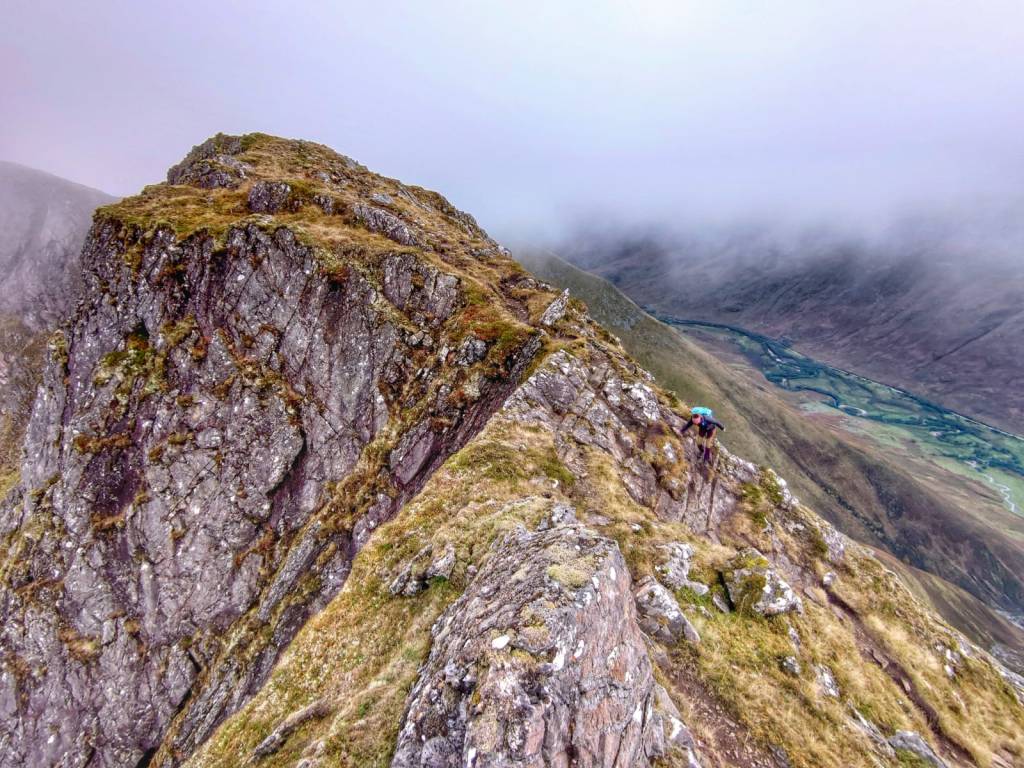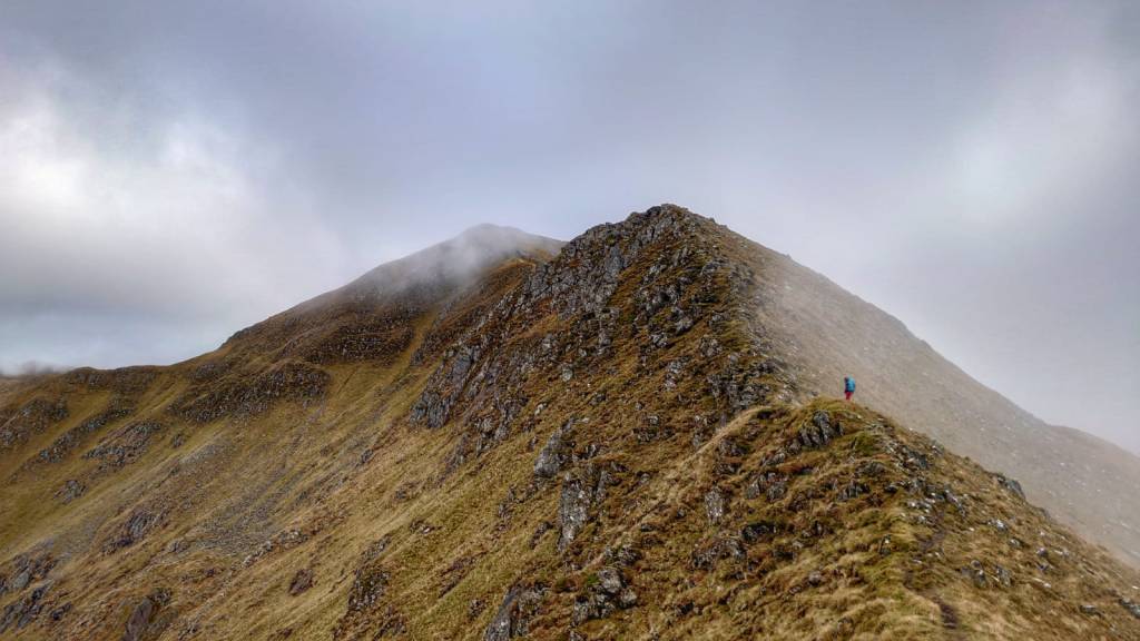 From here we continued along the ridge, it was a beautiful ridge walk, less defined than the Brothers Ridge yesterday with more steepness, roughness and lots more boulders and scrambling. It was more temperamental, edgy and exposed than the ‘Brothers’ but then again that can be said about a lot of ‘Sisters’ I guess! We continued down to the Bealach na Craoibhe.
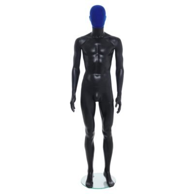 R358BP Black Finish Male Mannequin with Blue Pile Head Design
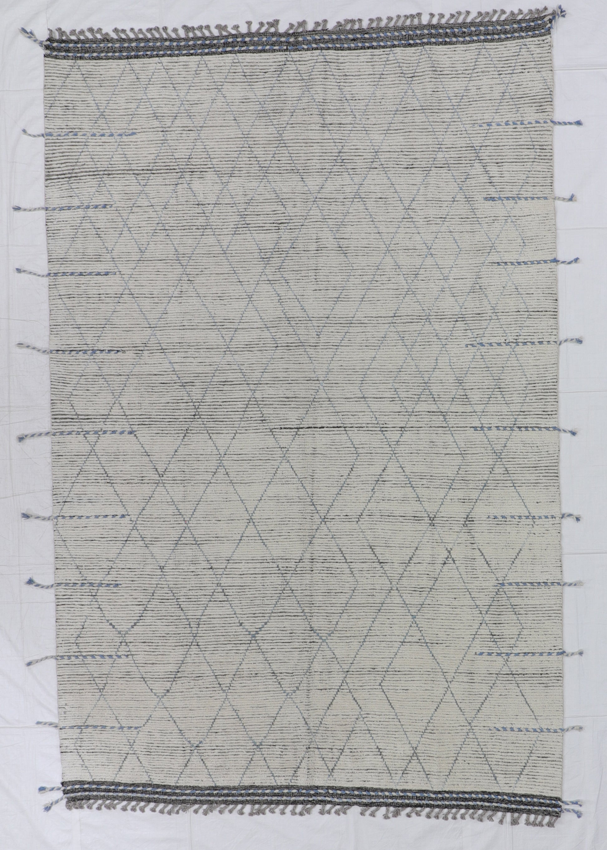 This Moroccan rug brings a serene, contemporary interpretation of classic Berber design. Its soft ivory field is traced with an airy network of hand-drawn diamond and linear motifs in pale grey and washed denim blue, creating a subtle, modern rhythm that feels both artisanal and understated. The lightly variegated wool and delicate striations add depth and movement while maintaining a clean, calming aesthetic.

--- Activity ---
Give back all the material exactly, with no pictures.

--- Written response ---
 From here we continued along the ridge, it was a beautiful ridge walk, less defined than the Brothers Ridge yesterday with more steepness, roughness and lots more boulders and scrambling. It was more temperamental, edgy and exposed than the ‘Brothers’ but then again that can be said about a lot of ‘Sisters’ I guess! We continued down to the Bealach na Craoibhe.
 R358BP Black Finish Male Mannequin with Blue Pile Head Design
 This Moroccan rug brings a serene, contemporary interpretation of classic Berber design. Its soft ivory field is traced with an airy network of hand-drawn diamond and linear motifs in pale grey and washed denim blue, creating a subtle, modern rhythm that feels both artisanal and understated. The lightly variegated wool and delicate striations add depth and movement while maintaining a clean, calming aesthetic.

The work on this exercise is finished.